== Segment start ==

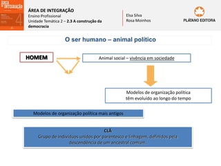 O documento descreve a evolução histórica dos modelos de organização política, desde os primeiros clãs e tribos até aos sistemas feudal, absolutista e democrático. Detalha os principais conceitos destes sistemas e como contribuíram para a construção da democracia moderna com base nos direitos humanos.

== Segment end ==
== Segment start ==

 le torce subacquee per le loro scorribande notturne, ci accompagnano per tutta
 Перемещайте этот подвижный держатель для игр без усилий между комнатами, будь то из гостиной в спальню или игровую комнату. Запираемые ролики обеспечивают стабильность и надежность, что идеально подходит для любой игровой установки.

== Segment end ==
== Segment start ==

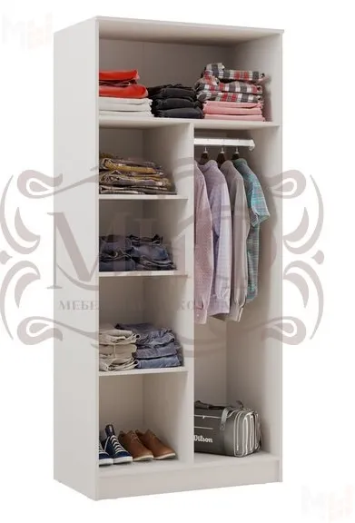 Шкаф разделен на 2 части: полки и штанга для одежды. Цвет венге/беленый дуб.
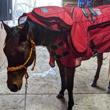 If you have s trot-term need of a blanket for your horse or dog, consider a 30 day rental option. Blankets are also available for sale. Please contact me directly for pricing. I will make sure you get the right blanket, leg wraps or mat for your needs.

== Segment end ==

Reproduce exactly, and with no other material, the lines between those holding "le torce subacquee" and "Перемещайте этот подвижный", inclusive.

 le torce subacquee per le loro scorribande notturne, ci accompagnano per tutta
 Перемещайте этот подвижный держатель для игр без усилий между комнатами, будь то из гостиной в спальню или игровую комнату. Запираемые ролики обеспечивают стабильность и надежность, что идеально подходит для любой игровой установки.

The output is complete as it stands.